I wouldn't expect any issues with the MyRussound app (Google Play, and iTunes) which is setup to select a zone and select your source; the same is offered for the HiFi2 (Google Play, iTunes). Coming from the system we are using now, this would be multitudes better and we would use the system a lot more often. My wife has already seen the apps and she is totally on board with what is offered - no issues there.
 
I've looked at just about every system on the market over the past 2 years or so and that's really why my OP wasn't a general request for "what should I use?" because I know there are a lot of systems out there are most are going to like the one they have for the reasons they selected them.

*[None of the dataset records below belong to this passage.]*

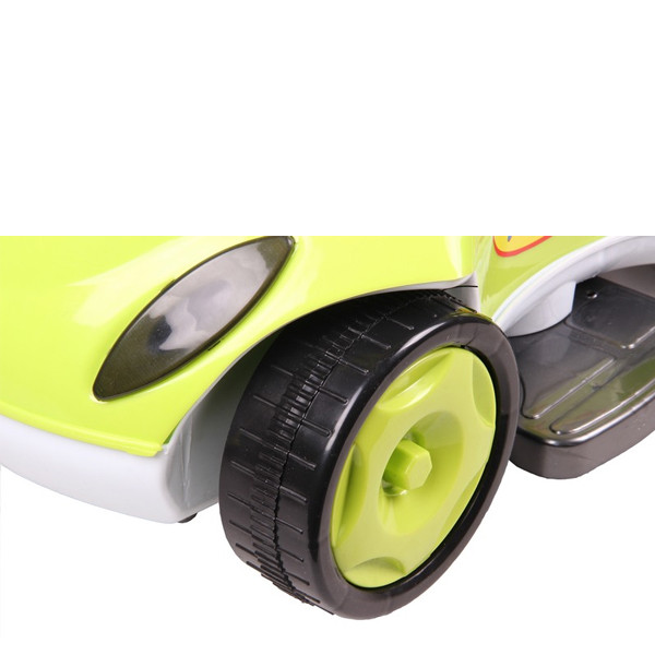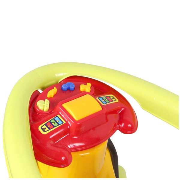 در پشت ماشین ،دسته بلند متناسب با قد والدین قرار دارد (قابل جدا شدن) که امکان هدایت توسط والدین را فراهم می کند.همچنین یک زیرپایی در قسمت زیرین ماشین وجود دارد که محل قرار گرفتن پای کودک است که به صورت چرخشی باز و بسته میگردد. فرمان این ماشین به گونه ای طراحی شده است که به راحتی از بدنه جدا شده و به صورت مجزا به اسباب بازی موزیکال تبدیل میگردد که با فشردن دکمه های آن صدای موزیک از ماشین پخش می شود تا کودک لذت و هیجان بیشتری را از بازی خود تجربه کند.وزن قابل تحمل این ماشین۲۷ کیلوگرم میباشد و برای گروه سنی ۱۰ ماه تا ۳ سال مناسب است. این ماشین توانایی حرکتی کودکان را تقویت میکنند و تحرک بدنی مفید ایجاد میکنند و قدرت حفظ تعادل را بهبود می بخشند.همچنین مزایای یک کالسکه را برای والدین به همراه دارد.چرخش ۳۶۰ درجه این محصول یکی از مزایای مهم آن محسوب میشود .
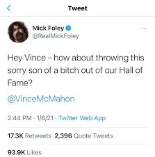 - Mick Foley publicly criticized Trump’s latest tweet as hateful, calling out WWE for its silence.
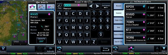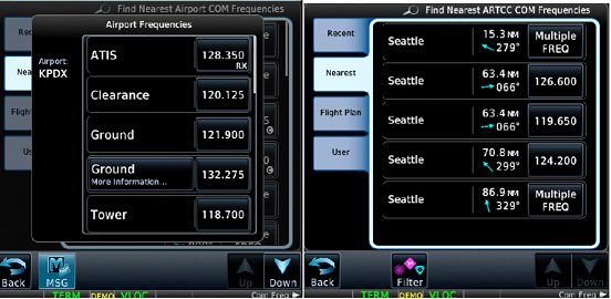 If you want to select a COM frequency, for example, push the Standby box to display the screen in Figure 1 (right) where you can enter a frequency with the number keys. But notice the Find key in the upper left, which gives you the four choices shown in the middle screen: Recent, Nearest, Flight Plan, and User. The Recent choice is presented by default. The following screens are for a flight plan from Portland to Salt Lake City; we are on the ground at Portland, the point from which Nearest items are assembled.
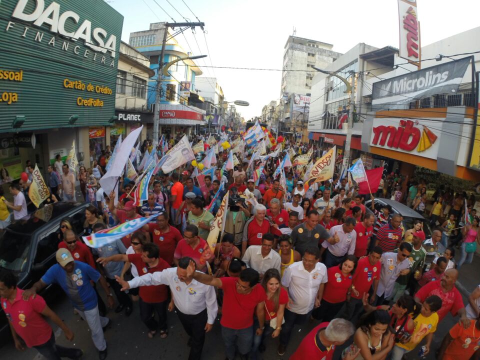 O candidato a deputado federal Davidson Magalhães, do PCdoB, reuniu cerca de 8 mil pessoas em uma caminhada que parou Itabuna na tarde desta quinta-feira (2). A mobilização começou no Jardim do Ó, percorreu toda a Avenida do Cinquentenário e a Juracy Magalhães, terminando com um ato público na praça do bairro de Fátima.
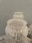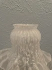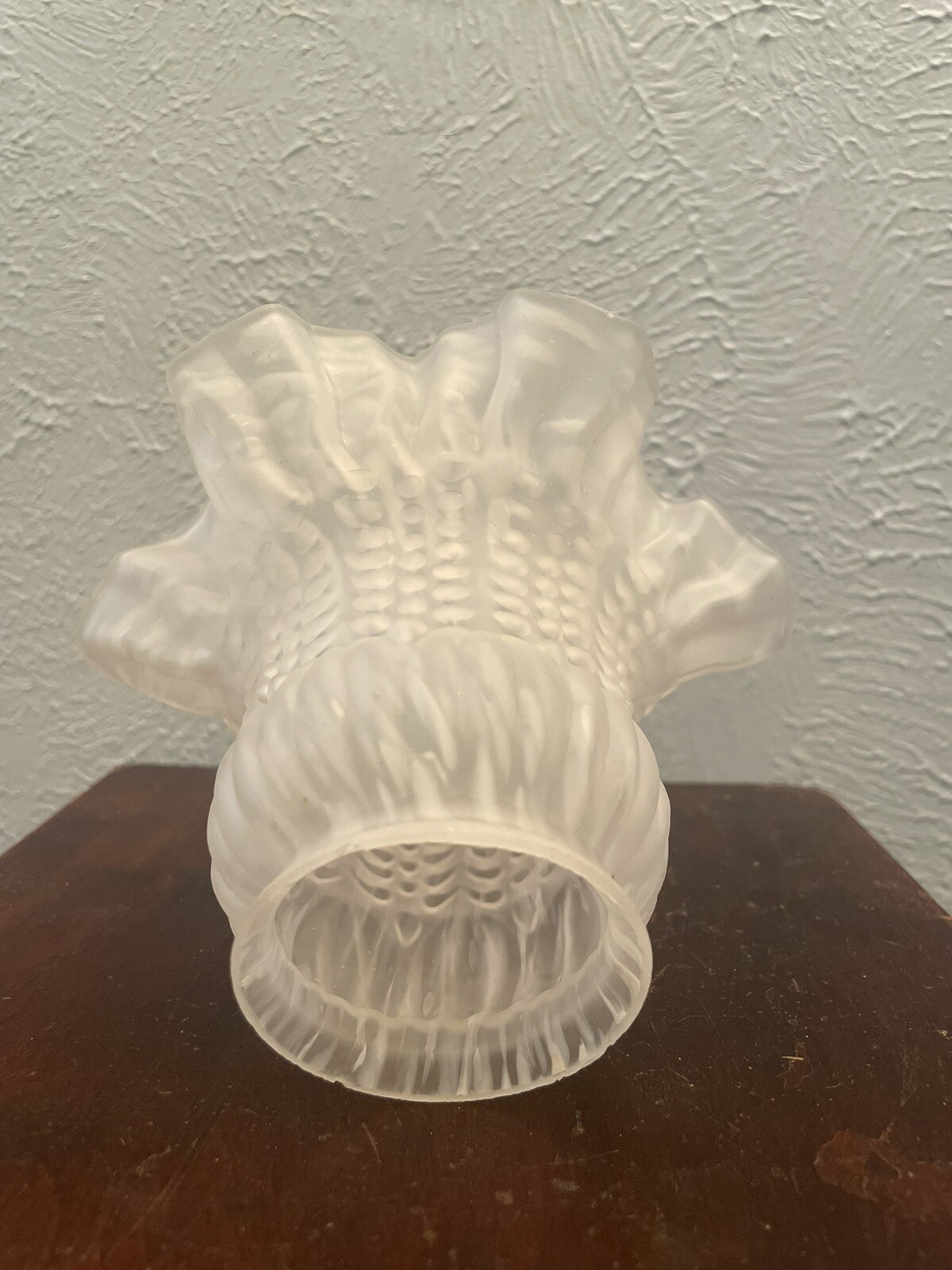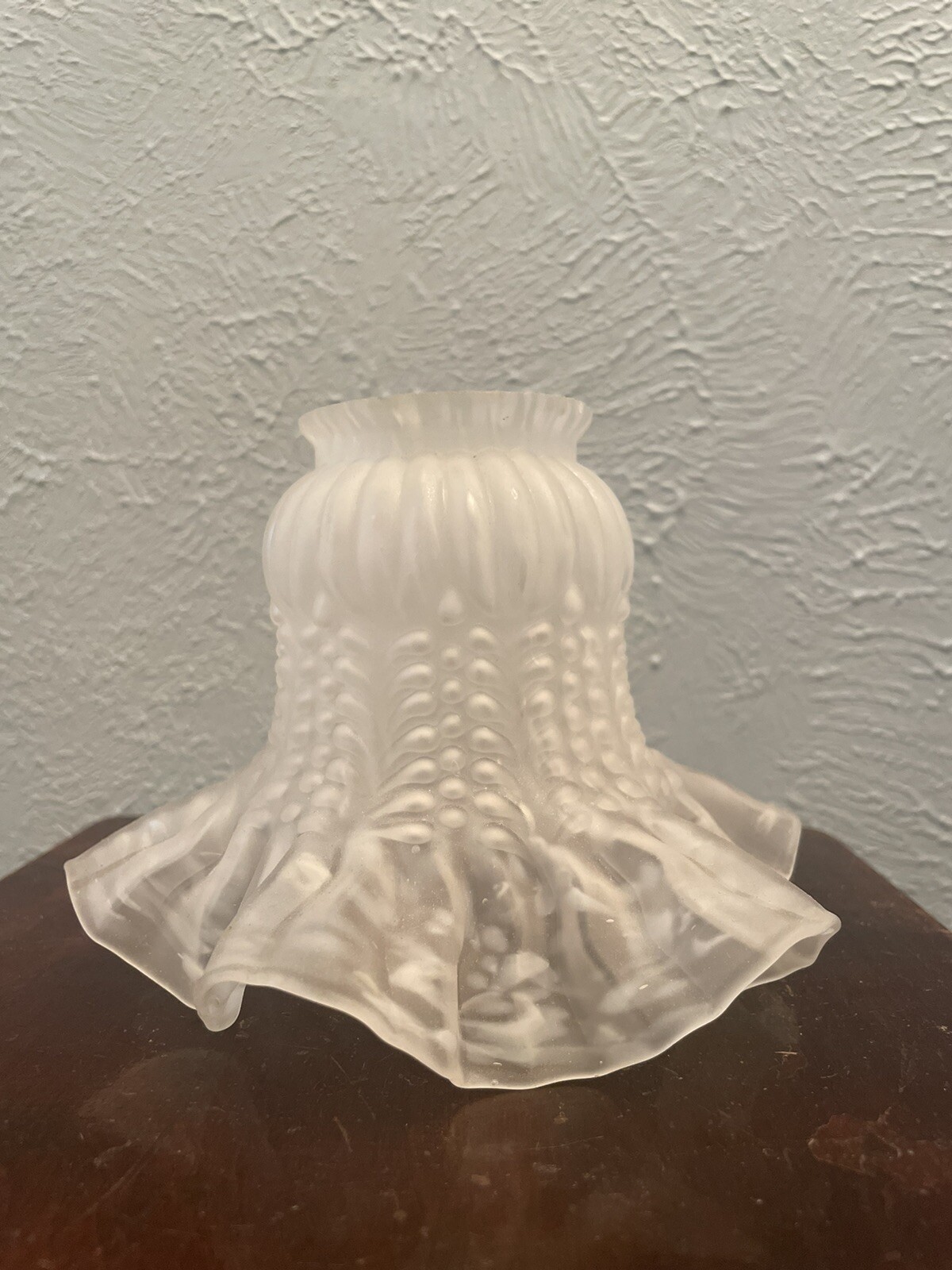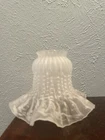 Add a vintage touch to your ceiling lamp or fan with this beautiful frosted glass shade. The tulip shape and ruffled pattern create a romantic and traditional style that will complement any room. Measuring 4 inches in diameter and 4 inches in height, this shade has a 2-inch fitter and is compatible with most ceiling fans and light fixtures. Crafted with high-quality glass, this original piece from the 80s/90s will add charm and elegance to your home décor. The shade is in excellent condition and is perfect for adults who love vintage items. Whether you are redecorating your home or looking for a unique gift, this ceiling fan/light shade is a must-have. 4 pieces set imperfections pictured
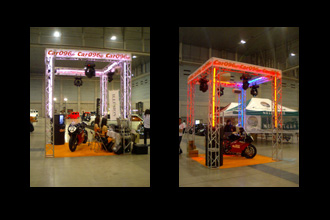 トラスのほかにもバルーンや既存のものをライトアップすることでいつもとは違う会場作が可能です。
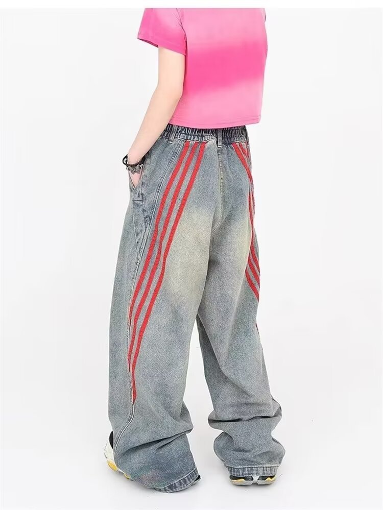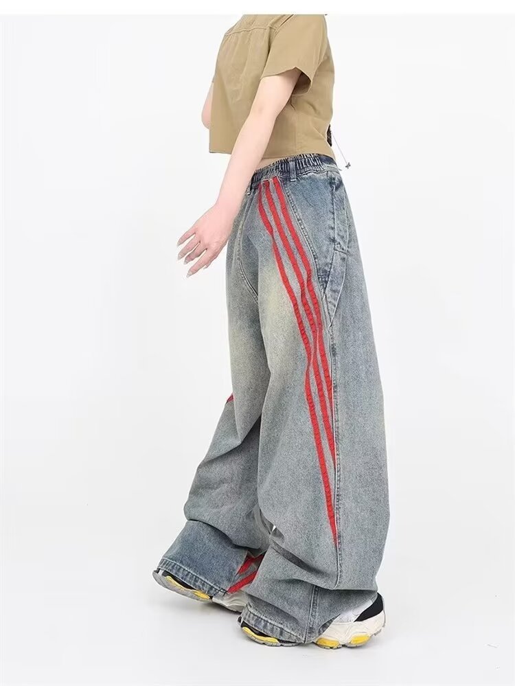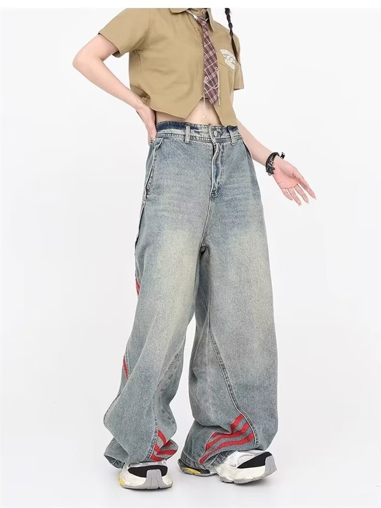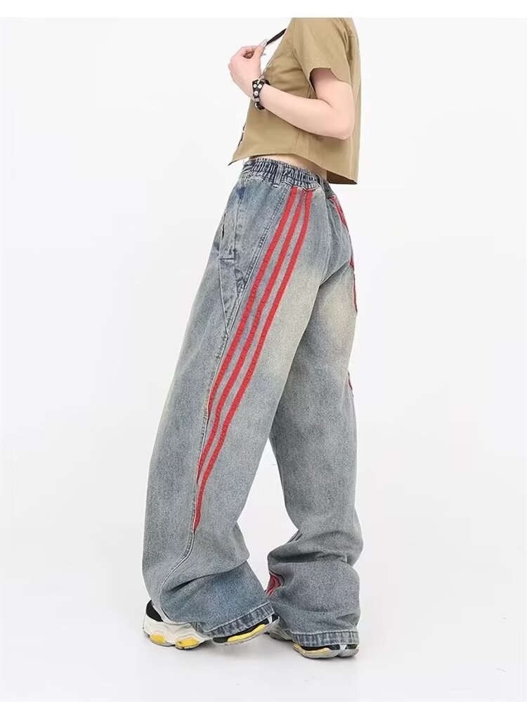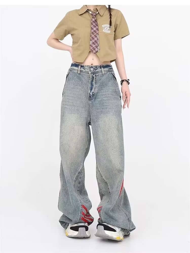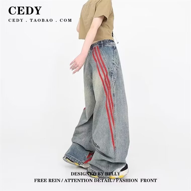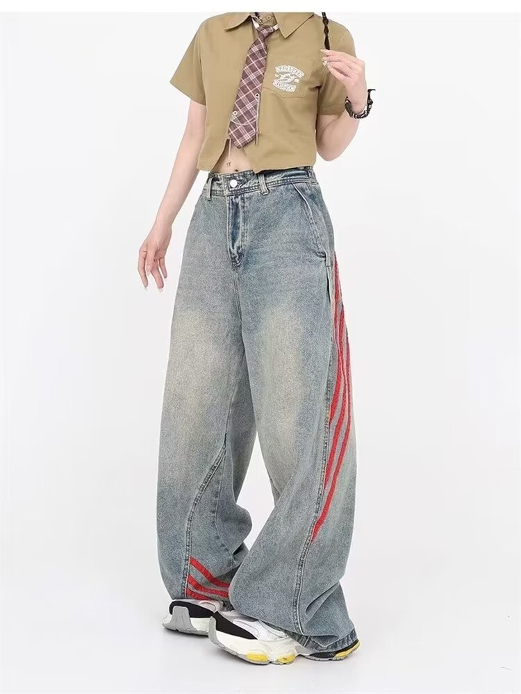 미국식 바이브 빈티지 줄무늬 스티칭 청바지 여성 하이 스트리트 패션 브랜드 루즈 스트레이트 캐주얼 작업복 와이드 레그 바지
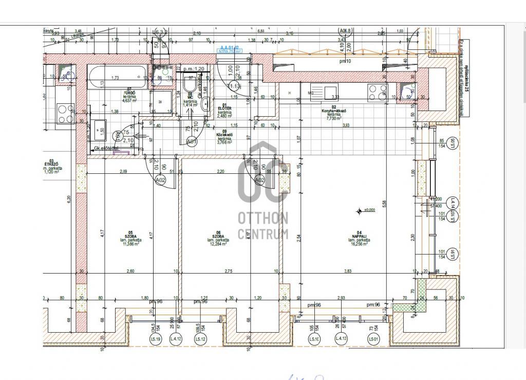 amely áll: nappali 22.29 m2, szoba 8.36m2, szoba 12.02m2, fürdő 5.31m2, fürdő 7.18 m2 + terasz 45 m2.
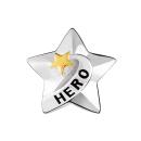 A perfect message for that special woman who always comes through. On one side is “Hero” in black enamel with a gold electroplated star. The other side has Metallic Golden Sunshine Swarovski Crystals.
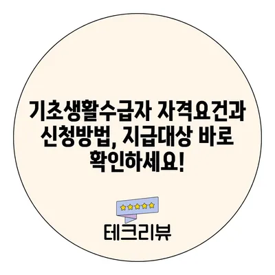 기초생활수급자 자격요건과 신청방법, 지급대상 바로 확인하세요!
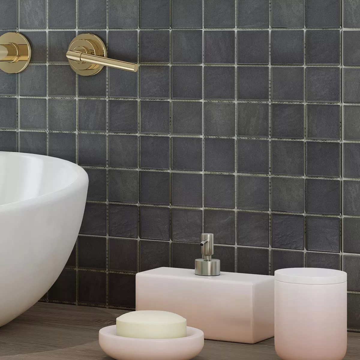 The Palazzia ceramic mosaic tile in elegant anthracite combines modern design with high functionality. Its matt surface and authentic stone look create a stylish and contemporary ambience that can be perfectly integrated into various room concepts. The tiles are glued to a net on a practical 29.7 x 29.7 cm mat, making installation simple and precise.
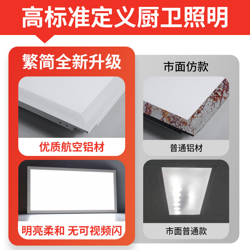 繁简集成吊顶灯led嵌入式厨房面板灯卫生间铝扣板厨卫柔光平板灯
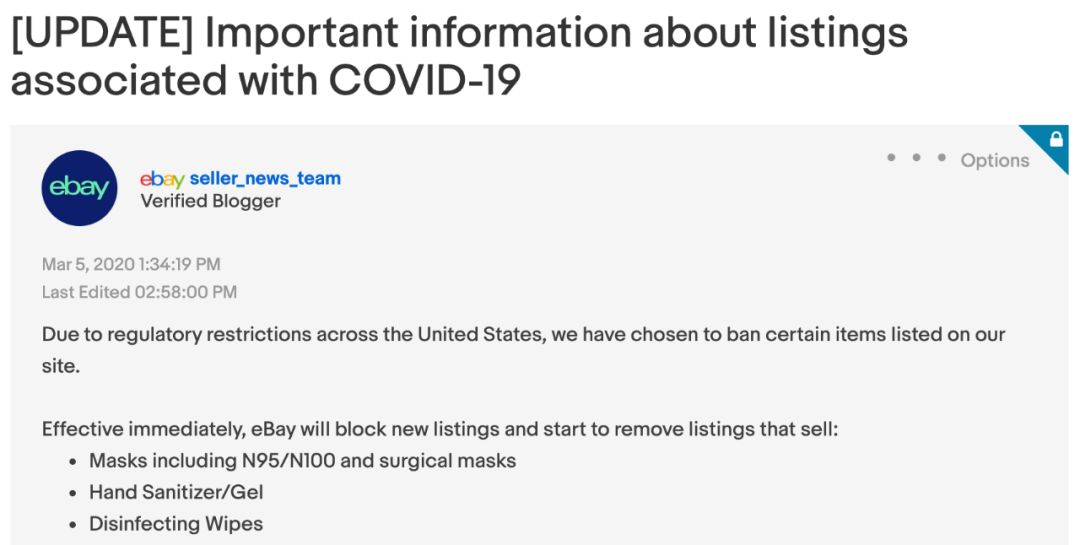 2 月 28 日,eBay 向商家发布了公告,声明在商品描述中,禁止包含健康声明、滥用术语的标题以及项目描述,例如「冠状病毒」,「Covid-19」,「病毒」,「流行病」。
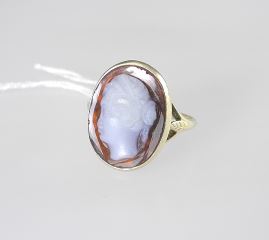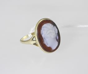 LOT 162 14K (marked) Gold & Glass Cameo Ring , Size 4 1/4, 3.7g. Estimate: $200 - $300 Sold For: $140 Auction Date: Tuesday, February 11 2025 at 4:00 PM
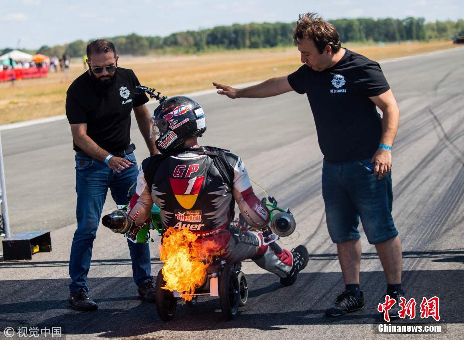 在比赛过程中,由于喷气设备出现故障,Dirk Auer一度火烧屁股。 图片来源:视觉中国
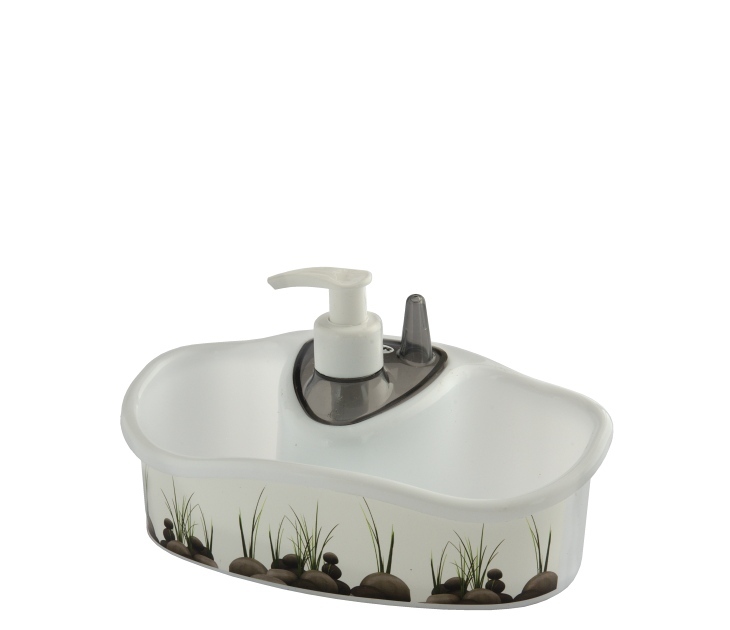 Stylový dávkovač mýdla nebo jaru široký v dekoru kameny udělá parádu na umyvadle či dřezu. Odkládací prostor pro hygienické potřeby, kartáčky nebo houbičku je praktickým dopňkem tohoto prostorného dávkovače. Ovládání mechanickým stisknutím pumpičky. Materiál: plast. przeczytaj całość

I purposely made the request to be between the Russound and the HiFi2 because I'm not going with any other options for one reason or another - I've narrowed my list down to these 2 systems.
 
Here the audio hardware, source switching et al has remained untouched. 
 
I have just added internet music / audio sources to my touchscreen tablets such that I just define buttons for single sources or applications which works for me and gives me a choice.  I have also integrated the hardware switching and sources on one tabletop touchscreen goofing around a bit with it.
 
To each their own... I agree, the stack of Sonos devices doesn't appeal to me, and though I have no evidence in front of me to support this, I would expect their audio to be compressed... that whole synchronization of audio sources must come at some sort of loss.  However, they have the superior app so if the simplicity and usability is the #1 concern, that shows why it appeals to so many.
 
There are other options that should be far superior technically speaking while not having as great of apps or simplicity of tying in online services or grouping zones... ie Russound, HiFi, Nuvo.  I'm still in the camp where these are better options.  Or even ABUS if your needs aren't that demanding.  I like the instant change from a wallpad as you walk by rather than firing up an app on the phone any day.  And though you'll likely never use 12 zones, I'm sure it's nice to be able to run the in-room music player or audio device over the better speakers/amp since they're there, vs whatever local speakers... 
 
Now for the OP - personally I like the Russound the best - although I like the look of the Nuvo keypads better... but Russound's latest model makes them very unfriendly to DIY... so from that standpoint, if HiFi2 suits your needs, I'd go that way.  Very small installation footprint - doesn't even need a rack... and friendly enough to the DIYer that you shouldn't meet any real restrictions.